That may sound simple, but the commercial realities of international trade will make it difficult to achieve—and that's what has people worried. One problem is that different parties in a supply chain "own" the required information, and they're not always willing to share what they consider to be confidential, says Melissa Irmen, vice president of products and strategy for Integration Point, a company that provides global trade management (GTM) systems. For example, suppliers may not want to reveal the names of subcontracted manufacturers.
Timing is also an issue. Importers provide some information to CBP when goods arrive in the United States and send the rest 10 days later. Once the rule goes into effect, they will have to submit some of that same information— and some data they've never had to provide before—weeks before the goods arrive in the United States, Irmen notes.
Another complication: CBP will require the manufacturer's or supplier's name and address, country of origin, and tariff classification to be linked for each commodity at the line-item level. That will be a special challenge for the many companies that routinely classify or resell products while they're en route, says Philip J. Sutter, vice president of import compliance at JPMorgan Chase. "What will happen when you make a sale while the shipment is on the water, and the shipment is broken up and sold to five different parties? ... How do you show that and track it? How do you modify the ISF?"

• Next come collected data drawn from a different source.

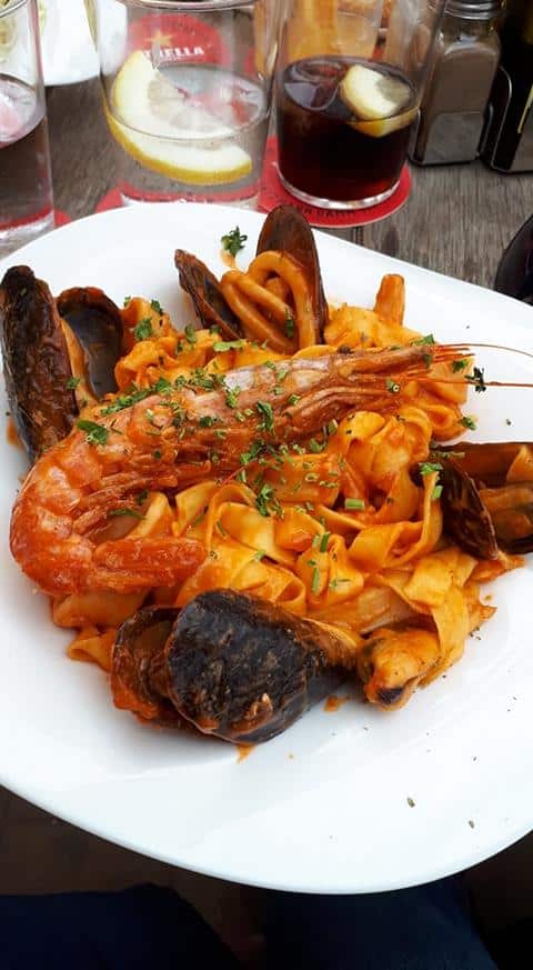 Gegen Abend ging es dann wieder in unser Stammrestaurant in der Bucht. Bei unserem Kellner Andi ( Ein Münchner auf Mallorca) bestellte ich dann erst mal ein richtig kühles Weizenbier. Wenn man schon mal in der Ferne ist, soll man ja auch eine kulinarische Spezialität ausprobieren. Ich bestellte dann zusammen mit Bettina ein spanisches Reisgericht aus der Pfanne:
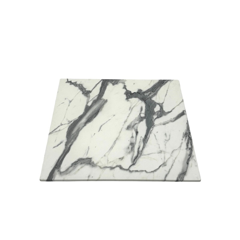 New for 2023, Stylish 70 cm White Marble Effect Square Table Tops, commercial grade for heavy commercial use and perfect for use indoors or outdoors.
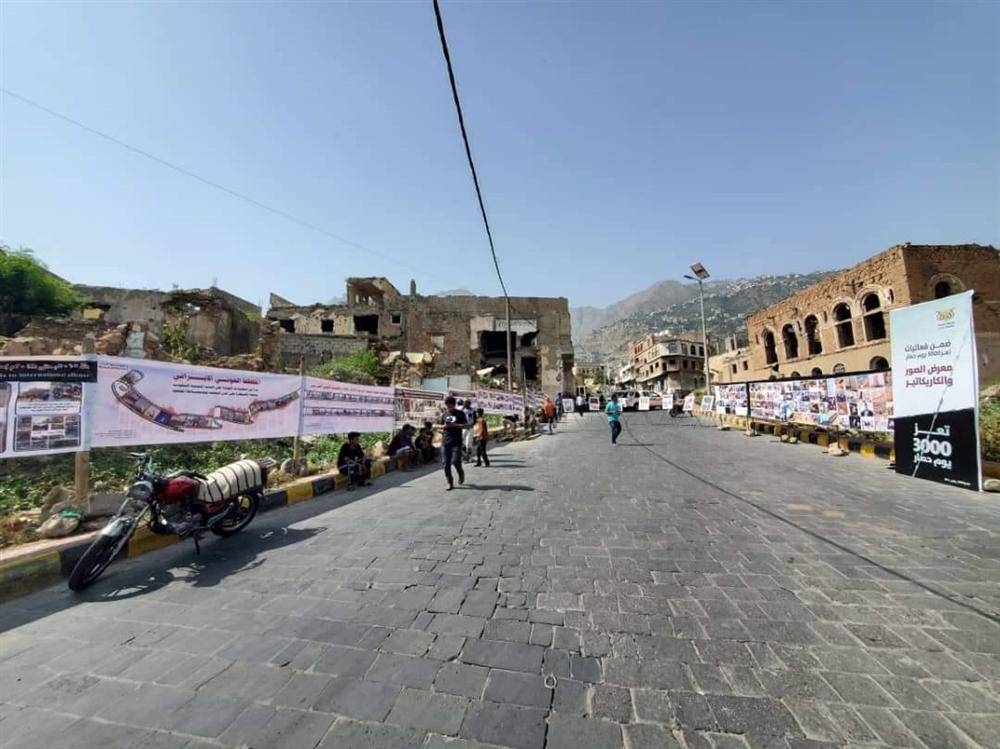 بالتزامن مع مرور 3000 يوم من الحصار على مدينة تعز اليمنية من قبل المليشيات الحوثية في أطول حصار على مر التاريخ، نفذ ناشطون في مدينة تعز معرض صور لإبراز الجرائم المرتكبة بحق المدنيين في المحافظة المحاصرة للعام التاسع تواليا.

Arthur Litman, who was formerly vice president of regulatory affairs and compliance for FedEx Trade Networks and now heads his own consulting firm, Customs Advice, is concerned that the tidal wave of additional data might overwhelm CBP's information systems. The agency's new Automated Commercial Environment (ACE) system is still under development, and the existing systems are already overburdened, he said at the Coalition of New England Companies for Trade (CONECT) Northeast Trade and Transportation Conference in March. It's likely that "a system that is on its last legs is going to have to support 10 + 2."

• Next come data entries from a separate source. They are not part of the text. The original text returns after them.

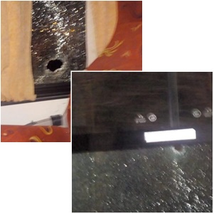 Inicialmente el viderio quedó totalmente astillado (como se observa en la foto), “por suerte no había nadie sentado allí” señaló el chofer.
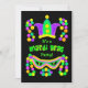A colorful Mardi Gras Party Invitation for you to personalize, with a crown, a mask and plenty of beads in the traditional green, purple and golden yellow colors, on a black background, from a handpainted paper collage by Judy Adamson.
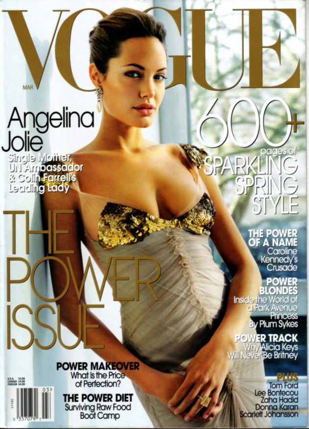 Vogue, March 2004 Posted on March 31, 2004May 13, 2014 by LeslieAngelina Jolie in Vintage Luxury’s Miriam Haskell Freshwater Pearl Earrings.

At the conference, Litman raised a number of other questions that Customs has yet to address, including the following: Will CBP compare the Importer Security Filing to its related entry filing? Why may importers batch-file entry summaries but must submit a separate ISF for each shipment? And why does CBP plan to acknowledge receipt but not indicate approval or provide a unique identifier so importers can track and amend their submissions?
Many people question why the rule does not consider importers' involvement in existing security programs. "What about parties participating in C-TPAT (the Customs-Trade Partnership Against Terrorism)?" asks Sutter. "They're already tasked with ensuring the security of their supply chains. As of right now, they will be treated like everyone else."
Officials are taking the trade community's questions and comments seriously."There will be some adjustments based on the comments. ... Some of them, frankly, brought up things we had not considered," said Richard DiNucci, director of security filing in CBP's Secure Freight Initiative Office, at the CONECT conference.
Get the ball rolling
Though it's likely to be months before the final rule is in place, the experts consulted for this article say there is still much that importers can do to get the compliance ball rolling. Among their recommendations:
Learn more about your sources. Compliance with 10 + 2 will require more knowledge about what happens at the point of origin than many importers currently have, says Nathan Pieri, senior vice president of marketing and product management at Management Dynamics, a provider of GTM systems. If you aren't fully familiar with your supply and manufacturing base, this is a good time to verify that the information you have is current, he says. Even if you buy from overseas distributors, find out what you can about the chain of custody prior to the point where you take control.
Classify products as early as possible and share the information with your supply chain partners. Including the classification on the purchase order is an effective way to accomplish that. (To read about one importer that's using this strategy, see "central command," below.) One of the most helpful steps you can take is to establish a classification database that trusted brokers, forwarders, and suppliers can access, says Sutter. The aim is to assure accurate, consistent data throughout every import transaction.
Think about who should submit 10 + 2 data. If the required information resides with different parties—parties who may or may not be willing to share it with you—will you be comfortable if they submit it, perhaps to a neutral third party? Irmen says her customers are divided into three camps: Some want total control, some want suppliers to submit data under their supervision, and others are willing to leave it entirely up to their suppliers. To accommodate different scenarios, GTM systems providers are developing tools that will collect transmissions from disparate sources and combine the data into a single ISF submission.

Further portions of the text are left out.